Он чуть было не сказал «миссис Финдлей». Потом Коннор проводил доктора до машины. Это был единственный человек, который рад был меня здесь видеть, который с симпатией говорил о моей матери, а я даже не запомнила его имени.
Коннор медленно поднялся по лестнице; видно было, что он очень устал.
— Я голоден. Интересно, есть ли в этом доме еда? — заговорил он.
— Можно поискать, — ответила я.
Были ли его слова, обращенные ко мне, «приглашением к доверию», или же ему просто хотелось поговорить с кем-то, чтобы снять напряжение?
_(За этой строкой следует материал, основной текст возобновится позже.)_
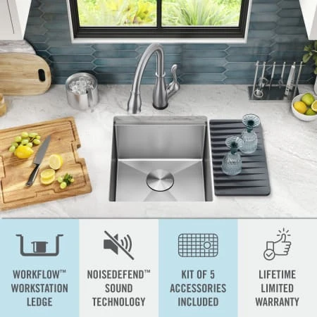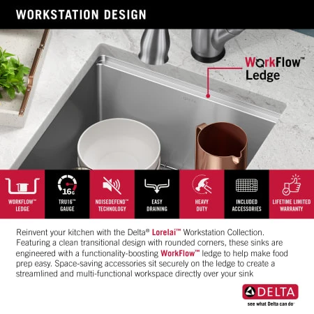 The Delta® Lorelai™ Workstation Collection is defined by sleek lines and gently rounded corners, offering a clean transitional look that blends perfectly with any kitchen style. These sinks are designed with a built-in WorkFlow™ ledge that helps make food prep easy by allowing you to slide accessories across the sink, creating a multifunctional workspace for seamless transition between tasks. The kit includes a durable cutting board and roll-up dish rack with removable utensil holder that allow you to combine prepping and cleaning in one convenient location. Heavy-duty TRU16™ gauge construction offers lasting durability so that you can use your sink with confidence. The undermount design installs seamlessly to create a clean look with no exposed mounting deck, allowing you to easily wipe water and crumbs into the sink. The deep single bowl offers enough room to wash large items while containing mess and splatter inside the sink. NoiseDefend™ soundproofing reduces noise and vibration from dishes, water, and garbage disposal. SatinSheen™ finish provides a smooth surface that’s easy to clean, so your sink stays beautiful with less effort. Channel grooves and a sloped bottom improve drainage, while EZClean™ corners reduce build-up over time. The installation-ready sink includes all mounting hardware and a stainless steel drain assembly to get your installation moving fast. You can feel comfortable in your kitchen knowing that Delta® sinks are backed by a Lifetime Limited Warranty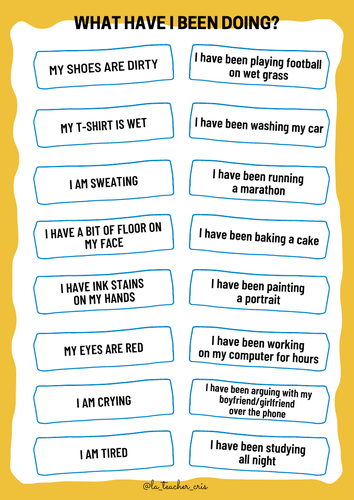 Speaking Activity for Present Perfect Continuous Teaching Resources Very well made.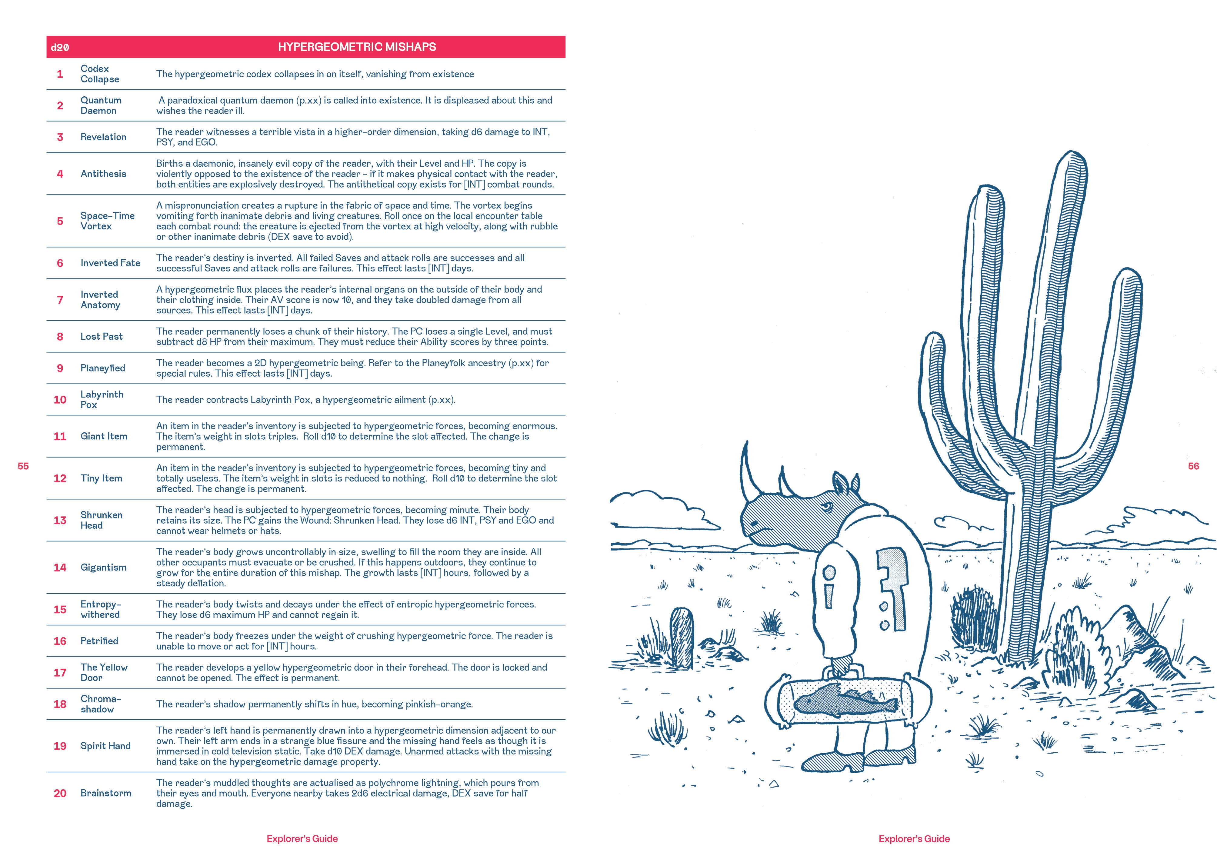 Leo: Yeah, that’s really at the heart of the game. Yoon-Suin by David McGrogan was a huge influence on me. That book taught me how tables can create a setting that’s specific and idiosyncratic, not just generic filler.

— Минуту, сейчас принесу бренди, — сказал он. — Леди Мод оно не нужно, но мне, да и вам, думаю, будет кстати.
Он вскоре вернулся с бутылкой, в которой еще оставалась добрая половина ее содержимого. Мы прошли в столовую, и он взял там два бокала. На подносе все еще лежали сыр и печенье, и по нему уже прошлись мыши, судя по оставленным следам. Коннор открыл дверь в одну из прилегающих к столовой комнат и попросил меня зажечь свет. Это была кухня, как и следовало ожидать, огромная и старомодная, если не считать новой газовой плиты и устройства для нагревания воды над раковиной. Коннор поставил бокалы и бутылку на большой пустой стол.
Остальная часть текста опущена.